A robust distributed system can tolerate partial failures in the system - that means that the system should continue to work as expected even if parts of it are failing.  There are 3 main 'partial failures' that the field of Distributed Systems tries to solve for:

1.) Out-of-sync system clocks
2.) Process pauses
3.) RPC requests with no response

Paxos is one algorithm that tries to solve for these by using consensus among nodes to decide on the sequence and order of events, but system administrators must tune the timeout parameter to find the best middle ground between waiting too long for a node (one computer in the network of systems) and not waiting long enough.

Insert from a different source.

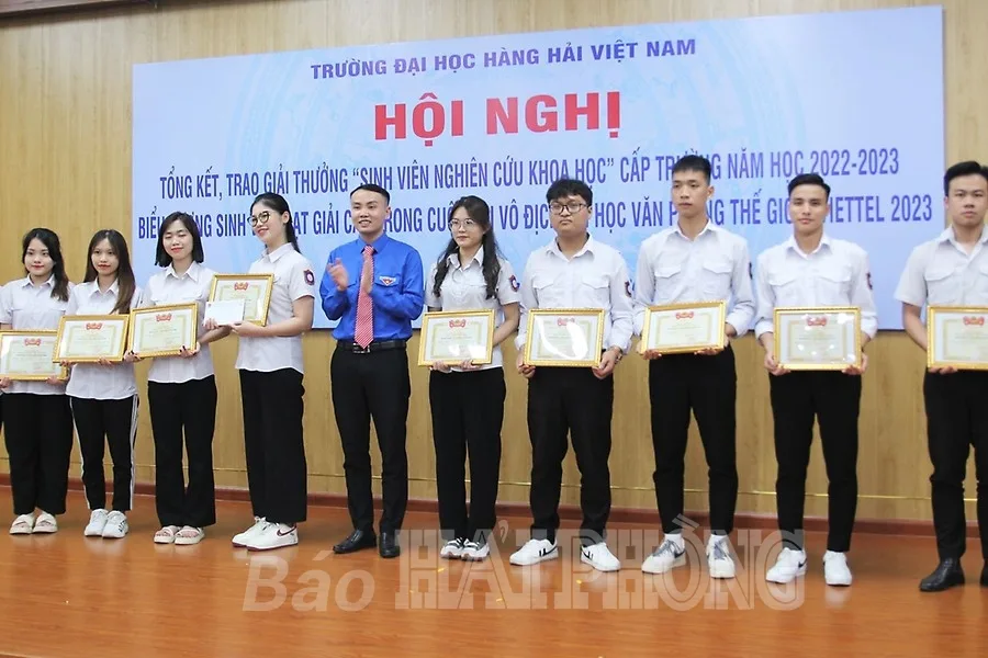 Sáng 26/5, Trường đại học Hàng hải Việt Nam tổ chức hội nghị tổng kết, trao giải thưởng “Sinh viên nghiên cứu khoa học” cấp trường năm học 2022-2023; biểu dương sinh viên đoạt giải cao trong Cuộc thi vô địch tin học văn phòng thế giới-Viettel 2023.

The blockchain algorithm gets around the idea of time entirely by deciding on an order of events once, and then getting as many nodes as possible to agree and persist the actual ordering itself.  Here's an excerpt straight from Satoshi's paper itself:

The solution we propose begins with a timestamp server. A timestamp server works by taking a hash of a block of items to be timestamped and widely publishing the hash, such as in a newspaper or Usenet post. The timestamp proves that the data must have existed at the time, obviously, in order to get into the hash. Each timestamp includes the previous timestamp in its hash, forming a chain, with each additional timestamp reinforcing the ones before it.

For those interested in advanced Distributed Systems concepts, learning about blockchain is a great way to expand your knowledge and play with the latest ideas in consensus.